**ABOUT THIS TASK:**
From top to bottom, write out the listing exactly and skip every picture.

**DATA BELOW:**
※

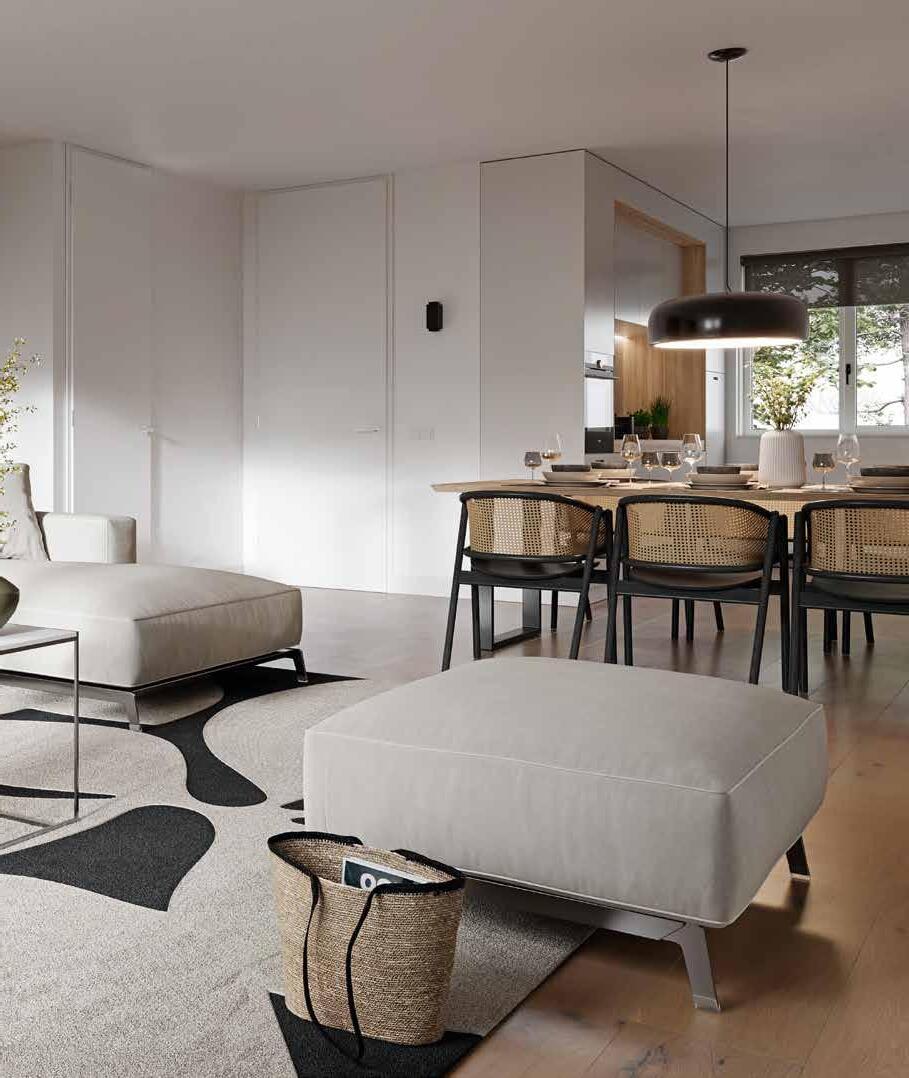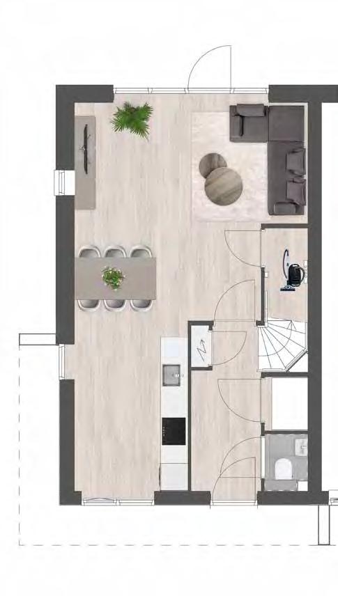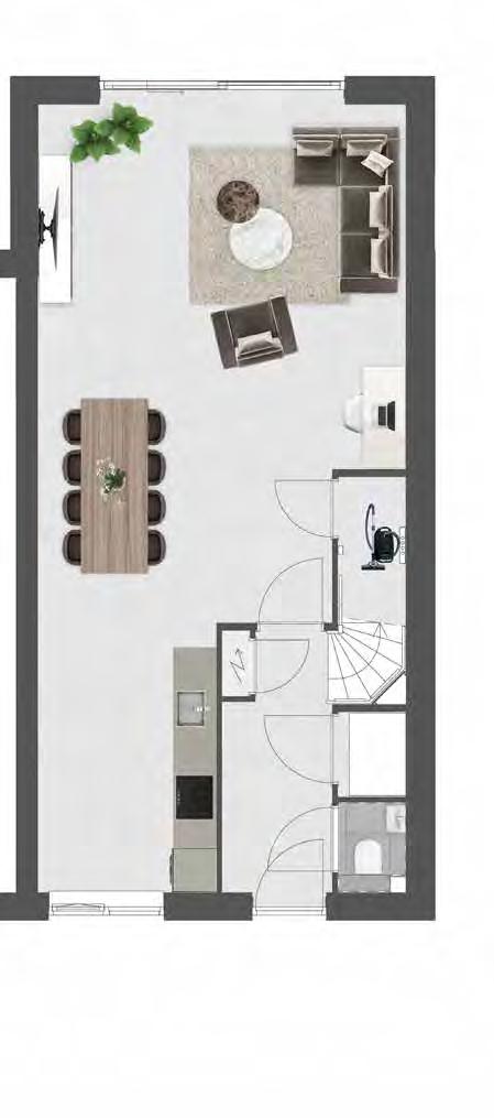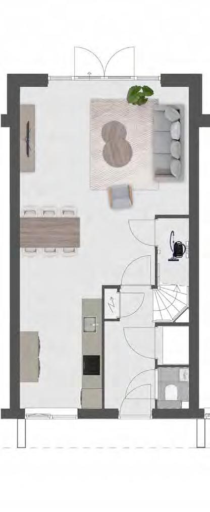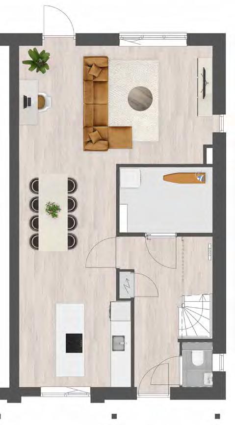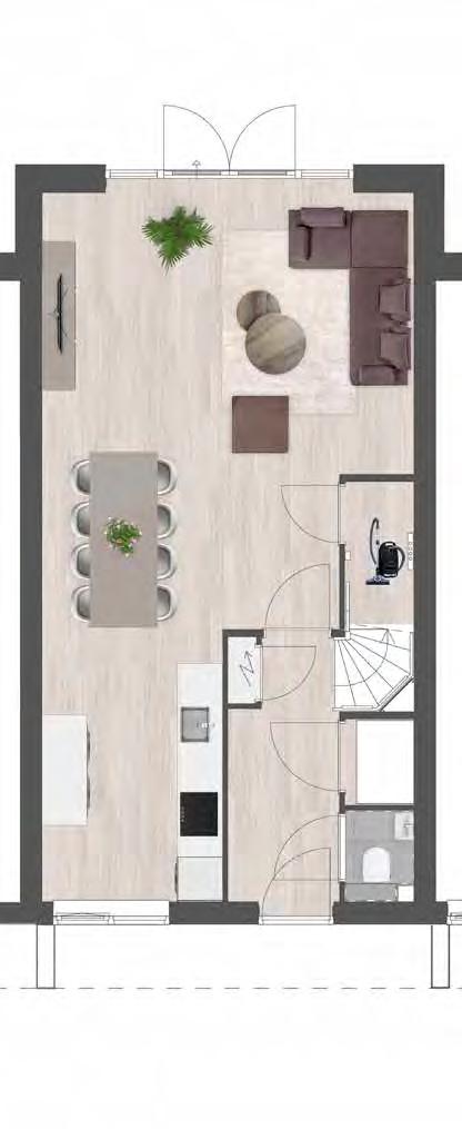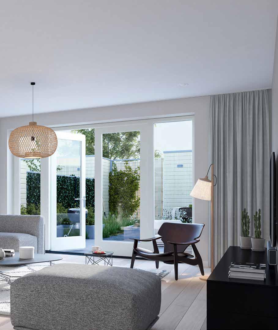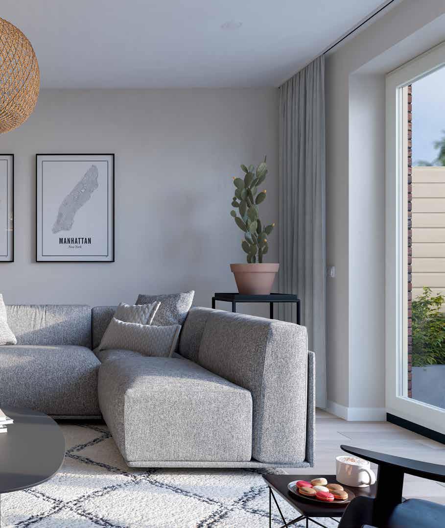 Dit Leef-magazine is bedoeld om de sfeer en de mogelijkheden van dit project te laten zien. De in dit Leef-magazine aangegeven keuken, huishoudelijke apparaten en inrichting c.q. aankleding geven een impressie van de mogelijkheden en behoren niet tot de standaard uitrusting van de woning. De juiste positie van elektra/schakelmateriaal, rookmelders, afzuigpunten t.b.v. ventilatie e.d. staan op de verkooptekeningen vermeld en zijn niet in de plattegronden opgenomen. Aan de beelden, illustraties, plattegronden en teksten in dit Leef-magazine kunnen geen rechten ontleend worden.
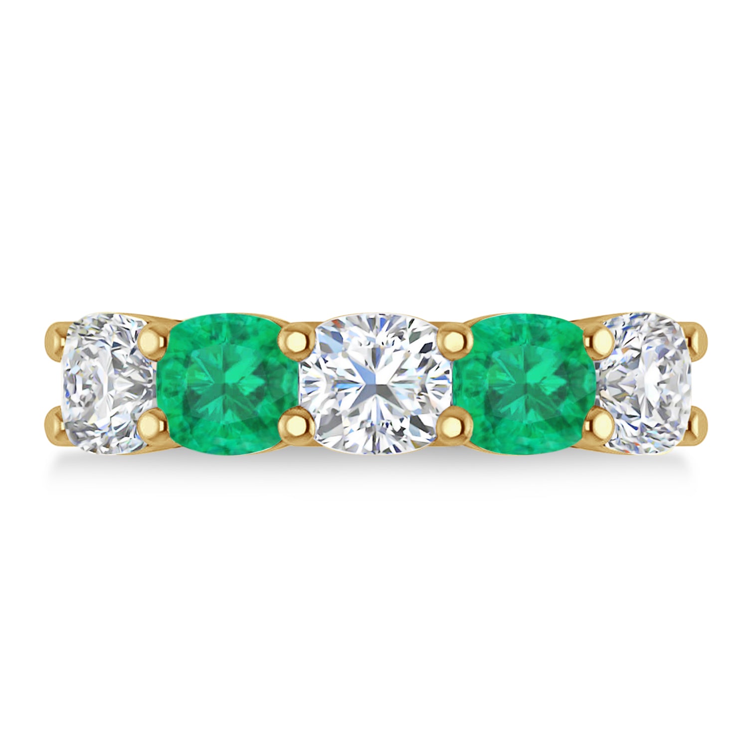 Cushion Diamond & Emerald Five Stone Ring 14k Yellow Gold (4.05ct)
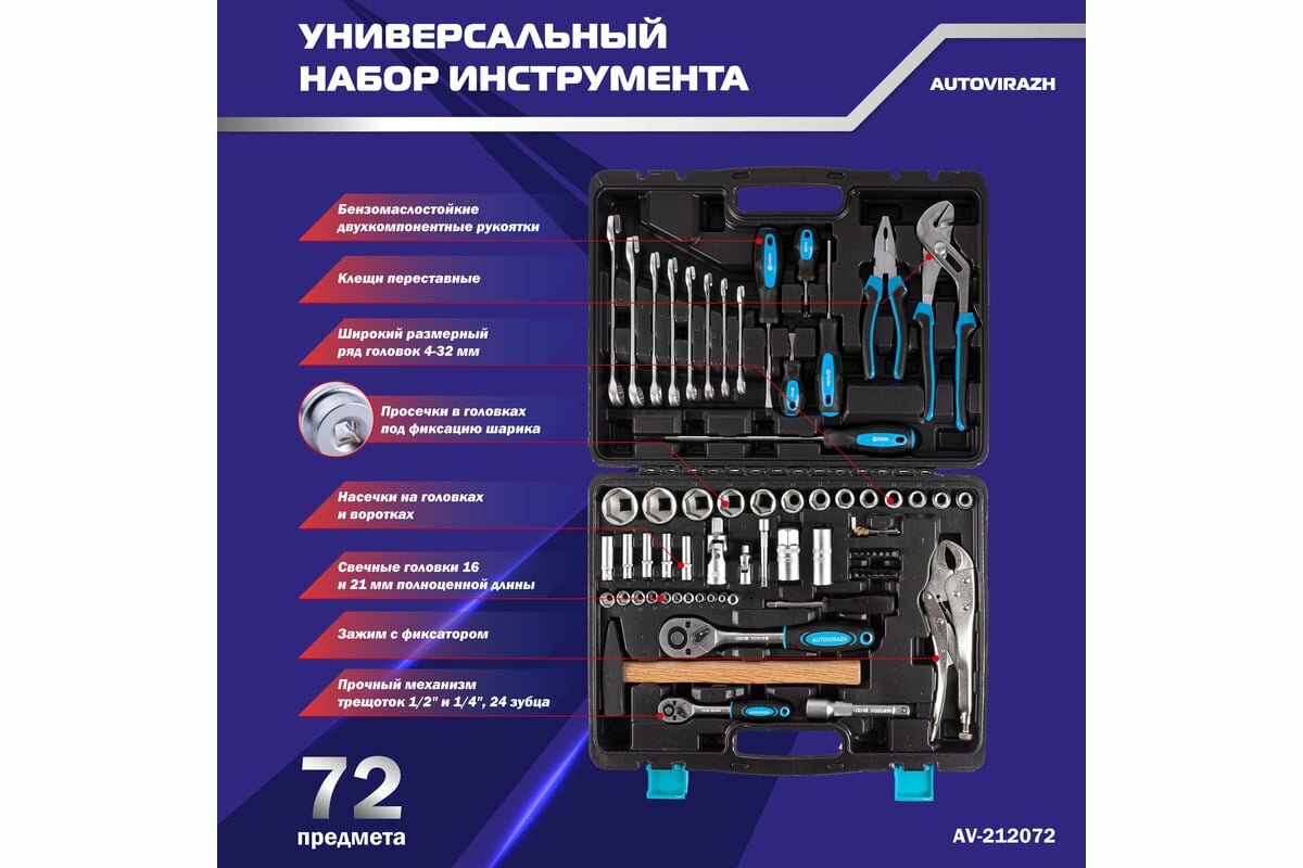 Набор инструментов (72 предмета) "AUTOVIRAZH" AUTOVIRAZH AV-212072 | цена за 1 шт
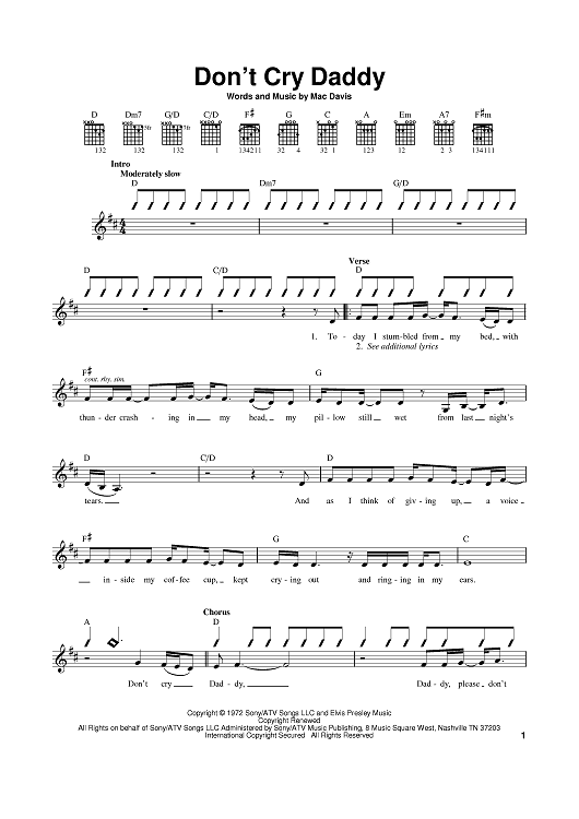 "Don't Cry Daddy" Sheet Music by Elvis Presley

※

**YOUR RESPONSE:**
 Dit Leef-magazine is bedoeld om de sfeer en de mogelijkheden van dit project te laten zien. De in dit Leef-magazine aangegeven keuken, huishoudelijke apparaten en inrichting c.q. aankleding geven een impressie van de mogelijkheden en behoren niet tot de standaard uitrusting van de woning. De juiste positie van elektra/schakelmateriaal, rookmelders, afzuigpunten t.b.v. ventilatie e.d. staan op de verkooptekeningen vermeld en zijn niet in de plattegronden opgenomen. Aan de beelden, illustraties, plattegronden en teksten in dit Leef-magazine kunnen geen rechten ontleend worden.
 Cushion Diamond & Emerald Five Stone Ring 14k Yellow Gold (4.05ct)
 Набор инструментов (72 предмета) "AUTOVIRAZH" AUTOVIRAZH AV-212072 | цена за 1 шт
 "Don't Cry Daddy" Sheet Music by Elvis Presley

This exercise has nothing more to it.